### MATERIAL FOR THIS EXERCISE

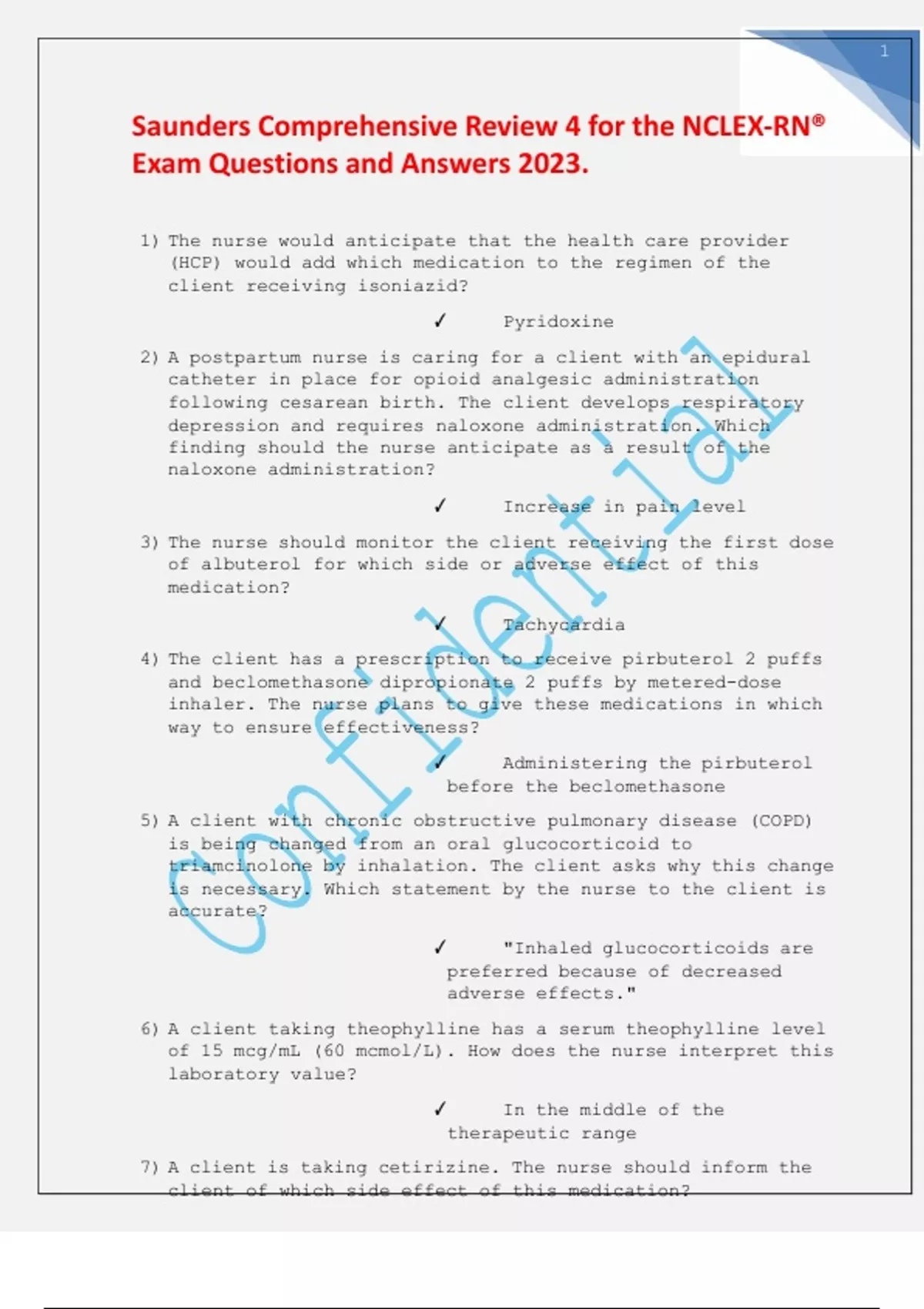 Saunders Comprehensive Review 4 for the NCLEX-RN® Exam Questions and Answers 2023.
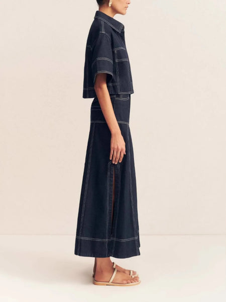Cropped Short Sleeve Contrast Stitch Denim Top
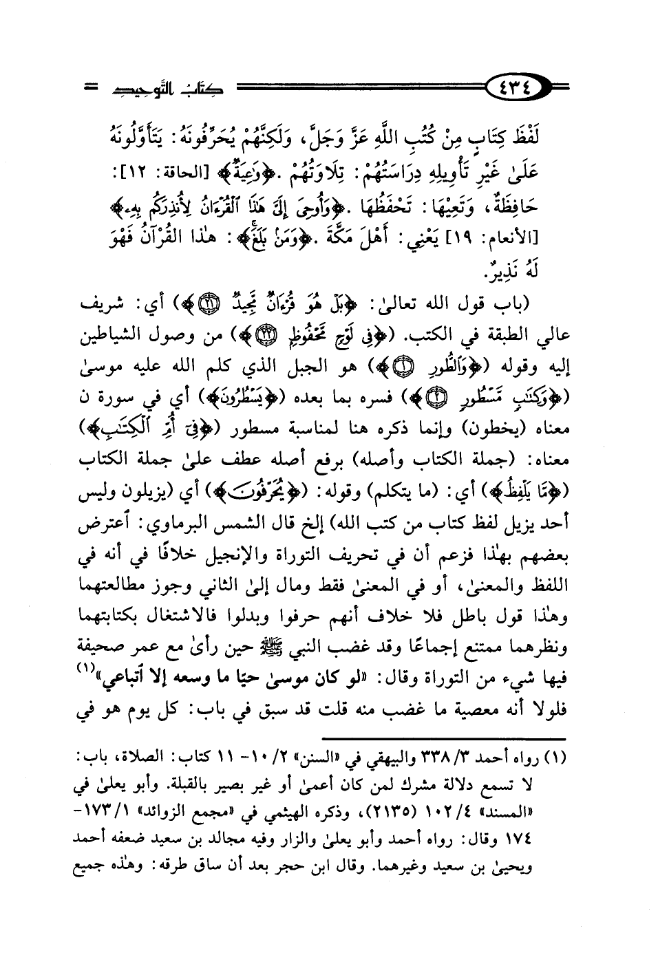 (باب قول الله تعالى: {بَلْ هُوَ قُرْآنٌ مَجِيدٌ (21)}) أي: شريف عالي الطبقة في الكتب. ({فِي لَوْحٍ مَحْفُوظٍ}) من وصول الشياطين إليه وقوله ({وَالطُّورِ (1)}) هو الجبل الذي كلم الله عليه موسى ({وَكِتَابٍ مَسْطُورٍ}) فسره بما بعده ({يَسْطُرُونَ}) أي في سورة ن معناه (يخطون) وإنما ذكره هنا لمناسبة مسطور ({فِي أُمِّ الْكِتَابِ}) معناه: (جملة الكتاب وأصله) برفع أصله عطف على جملة الكتاب ({مَا يَلْفِظُ}) أي: (ما يتكلم) وقوله: ({يُحَرِّفُونَ}) أي (يزيلون وليس أحد يزيل لفظ كتاب من كتب الله) إلخ قال الشمس البرماوي: اعترض بعضهم بهذا فزعم أن في تحريف التوراة والإنجيل خلافًا في أنه في اللفظ والمعنى، أو في المعني فقط ومال إلى الثاني وجوز مطالعتهما وهذا قول باطل فلا خلاف أنهم حرفوا وبدلوا فالاشتغال بكتابتهما ونظرهما ممتنع إجماعًا وقد غضب النبي - صلى الله عليه وسلم - حين رأى مع عمر صحيفة فيها شيء من التوراة وقال: "لو كان موسى حيًّا ما وسعه إلا اتباعي" (¬1) فلولا أنه معصية ما غضب منه قلت قد سبق في باب: كل يوم هو في
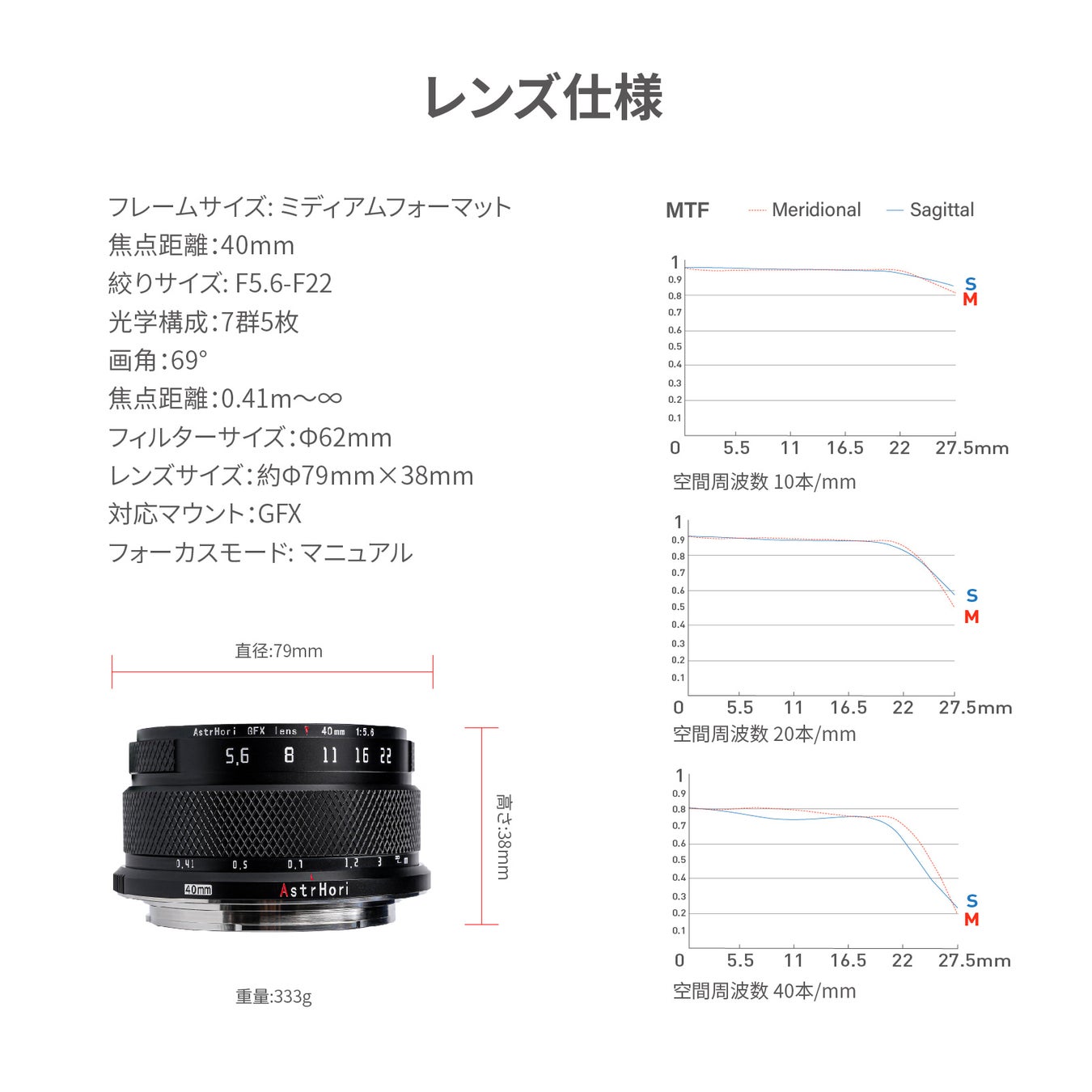 AstrHoriから40mm F5.6を発売しました。Fuji GFXカメラ用のマニュアルレンズで、Fuji GFX、GFX 50S、GFX 50SII、GFX 50R、GFX 100、GFX 100S、GFX 100 IR Verに対応します。今メーカー希望小売価格は43,999円です。中華撮影機材を取り扱っているPergearにて、販売開始しました。
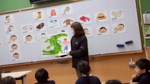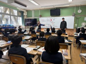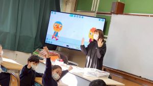 各クラス、寺村先生による英語タイムも楽しんでいます。言葉だけでなく、ジェスチャーも使って、表現にチャレンジ!
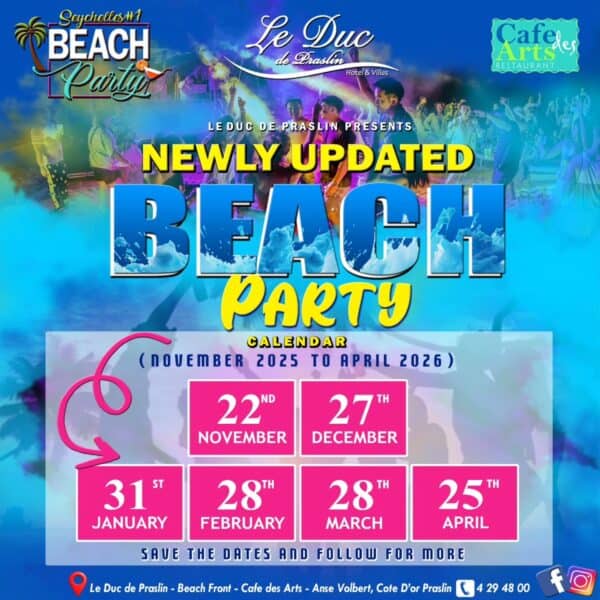 SATURDAY 28TH MARCH / BEACH PARTY / LE DUC DE PRASLIN
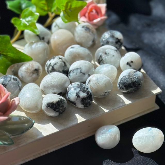Regnbue Månestein (også kjent som hvit labradoritt) er en favoritt blant samlere – elsket for sitt blå glimt, iriserende skinn og sterke tilknytning til månesykluser og indre visdom. Disse er ca 2-3cm. Alle har flash-garanti, tilfeldig hvor mye.
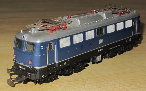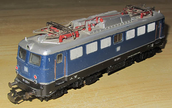 E10 238, bekam dann neben der neuen Betriebsnummer 110 220-1 auch noch einen DB Keks auf die blaue Front. Das gab es auch beim Vorbild und mit kleinem Aufwand war eine weitere Version entstanden.
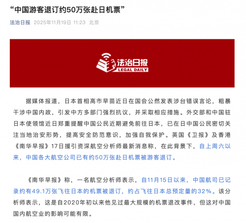 自官方提醒发布以来,中国游客大规模退订机票与酒店:有媒体统计自11月15日以来退订机票约达五十万张,多家航司已针对12月31日前的赴日客票推出免费退改政策,但酒店退订因受制于日方商家条款与供应商的合同关系,存在差异化处理。同时,网络出现代打日语电话的“代退”中介服务,称成功率并非100%,并收取服务费来协助争取退款。
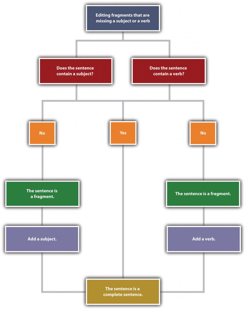 Figure 5.4 Editing Fragments That Are Missing a Subject or a Verb. Alternative text long description: The flowchart guides writers in determining whether a sentence is complete or a fragment. At the top, the chart begins with the main box: “Editing fragments that are missing a subject or a verb.” The chart then branches into two paths: Left path: “Does the sentence contain a subject?” Right path: “Does the sentence contain a verb?” Left Path (Subject Check): If the answer is No, the chart states: “The sentence is a fragment. Add a subject.” If the answer is Yes, the chart continues downward to the final conclusion box. Right Path (Verb Check): If the answer is No, the chart states: “The sentence is a fragment. Add a verb.” If the answer is Yes, the chart also continues downward to the final conclusion box. Final Box (Bottom Center): Both the “Yes” answers from the subject and verb paths lead to the same conclusion: “The sentence is a complete sentence.” Overall, the chart shows that a sentence must contain both a subject and a verb to be considered complete. If either is missing, the sentence is a fragment, and the missing part must be added.

######

[YOUR GOAL]
Leaving all pictures out, output exactly the lines of the material above from the line with "Cropped Short Sleeve" to the line with "AstrHoriから40mm F5.6を発売しました。Fuji GFXカメラ用のマニュアルレンズで、Fuji", both included.

[EXERCISE SOLUTION]
Cropped Short Sleeve Contrast Stitch Denim Top
 (باب قول الله تعالى: {بَلْ هُوَ قُرْآنٌ مَجِيدٌ (21)}) أي: شريف عالي الطبقة في الكتب. ({فِي لَوْحٍ مَحْفُوظٍ}) من وصول الشياطين إليه وقوله ({وَالطُّورِ (1)}) هو الجبل الذي كلم الله عليه موسى ({وَكِتَابٍ مَسْطُورٍ}) فسره بما بعده ({يَسْطُرُونَ}) أي في سورة ن معناه (يخطون) وإنما ذكره هنا لمناسبة مسطور ({فِي أُمِّ الْكِتَابِ}) معناه: (جملة الكتاب وأصله) برفع أصله عطف على جملة الكتاب ({مَا يَلْفِظُ}) أي: (ما يتكلم) وقوله: ({يُحَرِّفُونَ}) أي (يزيلون وليس أحد يزيل لفظ كتاب من كتب الله) إلخ قال الشمس البرماوي: اعترض بعضهم بهذا فزعم أن في تحريف التوراة والإنجيل خلافًا في أنه في اللفظ والمعنى، أو في المعني فقط ومال إلى الثاني وجوز مطالعتهما وهذا قول باطل فلا خلاف أنهم حرفوا وبدلوا فالاشتغال بكتابتهما ونظرهما ممتنع إجماعًا وقد غضب النبي - صلى الله عليه وسلم - حين رأى مع عمر صحيفة فيها شيء من التوراة وقال: "لو كان موسى حيًّا ما وسعه إلا اتباعي" (¬1) فلولا أنه معصية ما غضب منه قلت قد سبق في باب: كل يوم هو في
 AstrHoriから40mm F5.6を発売しました。Fuji GFXカメラ用のマニュアルレンズで、Fuji GFX、GFX 50S、GFX 50SII、GFX 50R、GFX 100、GFX 100S、GFX 100 IR Verに対応します。今メーカー希望小売価格は43,999円です。中華撮影機材を取り扱っているPergearにて、販売開始しました。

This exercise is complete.